Ye Yonglong, Chen Yunxian, Wan Zhidong, Pan Huiying, Hou Zhijun, Liu Jun
Department of Laboratory Medicine, Dongguan Hospital of Guangzhou University of Chinese Medicine, Dongguan 523005, China.
Department of Cardiology, Yue Bei People's Hospital, Shantou University Medical College, Shaoguan 512000, China.
Clin Chim Acta. 2025 Sep 1;577:120434. doi: 10.1016/j.cca.2025.120434. Epub 2025 Jun 16.

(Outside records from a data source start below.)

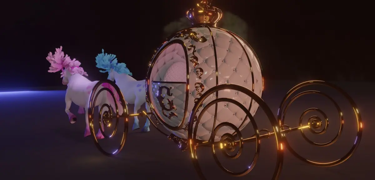 Layers: 0: Carriage 1: Horses with harness 2: Demonstration ground with curve (motion path) for carriage. For ground, Shadow Catcher enabled.
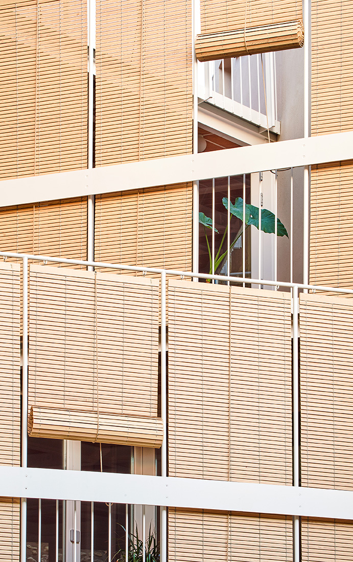 Questa composizione terrazze-patio è il dispositivo che garantisce l'illuminazione naturale e la ventilazione. Una chiusura pieghevole permette di trasformare lo spazio in una galleria chiusa in funzione del periodo dell'anno. Questi annessi all’aperto sono zone polivalenti che costituiscono il centro di gravità di ogni abitazione. La terrazza superiore è condivisa e dispone di due accessi indipendenti
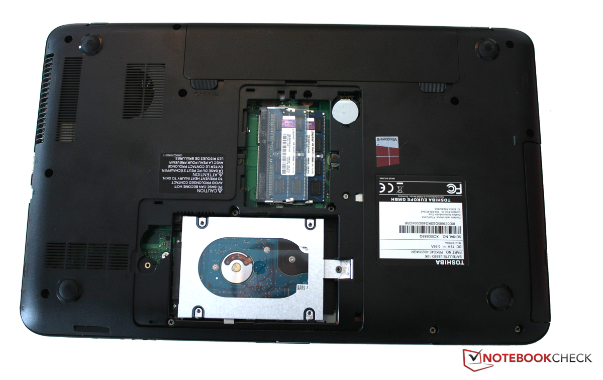 Über eine Klappe an der Unterseite lässt sich durch das Lösen nur einer Schraube schnell an Arbeitsspeicher und Festplatte kommen. Vorbildlich: Auch die Batterie, die das BIOS im ausgeschalteten Zustand mit Energie versorgt, kann leicht gewechselt werden, das spart das aufwändige Einsenden an den Support. Den Lüfter darf man zwar durch eine Gitter betrachten, man kommt aber selbst nicht heran, um ihn etwa von Staub zu befreien.
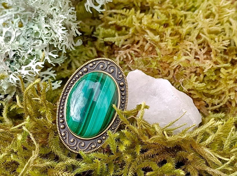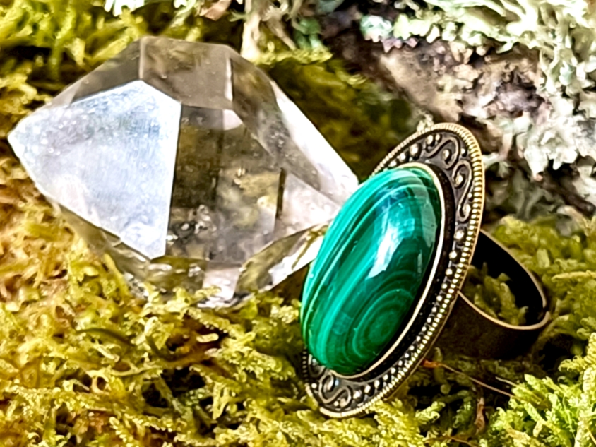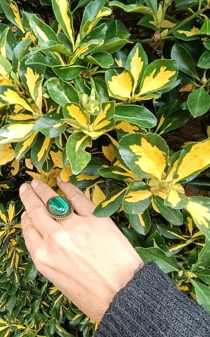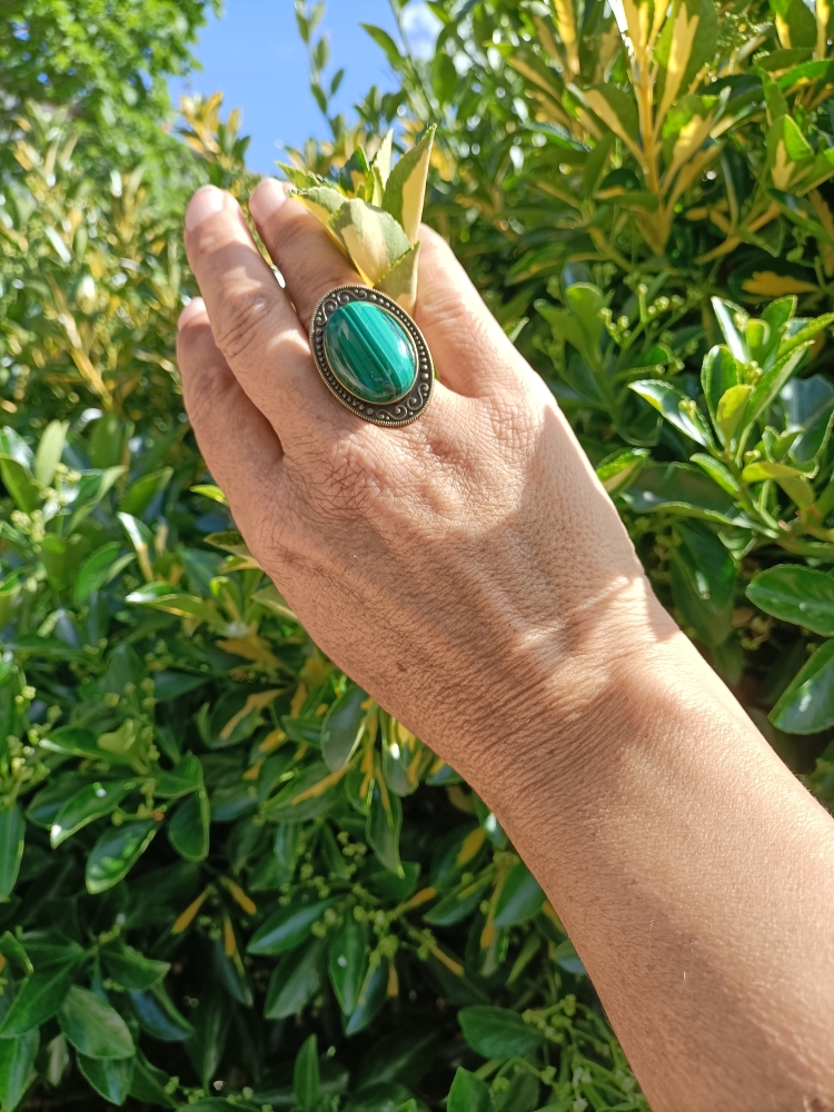 Bague alliage bronze et MALACHITE DE QUALITE AAA +

Coronary Slow Flow (CSF) is a significant cardiovascular disorder characterized by high incidence rates and frequently associated with adverse clinical outcomes. Early diagnosis and effective monitoring are essential for enhancing patient prognosis. Consequently, this study seeks to explore the metabolic distinctions among patients with CSF, individuals with coronary artery disease (CAD), and those with normal coronary arteries (NCA) through metabolomic analysis, with the aim of identifying potential biomarkers that could offer novel insights into the early diagnosis and treatment of CSF. This study utilized ultra-performance liquid chromatography-tandem mass spectrometry (UPLC-MS/MS) to analyze 1,430 lipid metabolites. Comparative metabolomic profiling among the CSF, NCA, and CAD groups revealed significant metabolic disparities, with 66 differentially expressed metabolites identified in CSF patients. Enrichment analysis indicated that these metabolites were predominantly involved in critical metabolic pathways, including thermogenesis, glycerophospholipid metabolism, glycerolipid metabolism, and fat digestion and absorption. Subsequent analyses employing least absolute shrinkage and selection operator (LASSO) regression and random forest algorithms identified four critical biomarkers: DG(O-19:0_16:0), MG(16:0), DG(16:0_18:0), and Carnitine C6-2OH. These biomarkers demonstrated robust efficacy in differentiating between patients with CSF and those with CAD, with area under the curve values of 0.809, 0.924, 0.859, and 0.929, respectively. Furthermore, patients with CSF undergoing enhanced external counterpulsation exhibited significant symptomatic improvement, which was accompanied by a marked reduction in the expression levels of these metabolites. In conclusion, this metabolomic investigation elucidates the metabolic profile of CSF and identifies four pivotal metabolic biomarkers with potential diagnostic and prognostic utility. These results not only introduce novel biomarkers for the early detection of CSF but also provide new insights for personalized treatment strategies and therapeutic monitoring.
冠状动脉慢血流(CSF)是一种重要的心血管疾病,其发病率高,且常与不良临床结局相关。早期诊断和有效监测对于改善患者预后至关重要。因此,本研究旨在通过代谢组学分析探索CSF患者、冠状动脉疾病(CAD)患者和冠状动脉正常(NCA)者之间的代谢差异,以识别可能为CSF的早期诊断和治疗提供新见解的潜在生物标志物。本研究利用超高效液相色谱-串联质谱(UPLC-MS/MS)分析了1430种脂质代谢物。CSF、NCA和CAD组之间的比较代谢组学分析揭示了显著的代谢差异,在CSF患者中鉴定出66种差异表达的代谢物。富集分析表明,这些代谢物主要参与关键代谢途径,包括产热、甘油磷脂代谢、甘油酯代谢以及脂肪消化和吸收。随后采用最小绝对收缩和选择算子(LASSO)回归和随机森林算法的分析确定了四种关键生物标志物:DG(O-19:0_16:0)、MG(16:0)、DG(16:0_18:0)和肉碱C6-2OH。这些生物标志物在区分CSF患者和CAD患者方面表现出强大的效能,曲线下面积值分别为0.809、0.924、0.859和0.929。此外,接受增强型体外反搏治疗的CSF患者症状明显改善,同时这些代谢物的表达水平显著降低。总之,这项代谢组学研究阐明了CSF的代谢特征,并鉴定出四种具有潜在诊断和预后价值的关键代谢生物标志物。这些结果不仅为CSF的早期检测引入了新的生物标志物,还为个性化治疗策略和治疗监测提供了新的见解。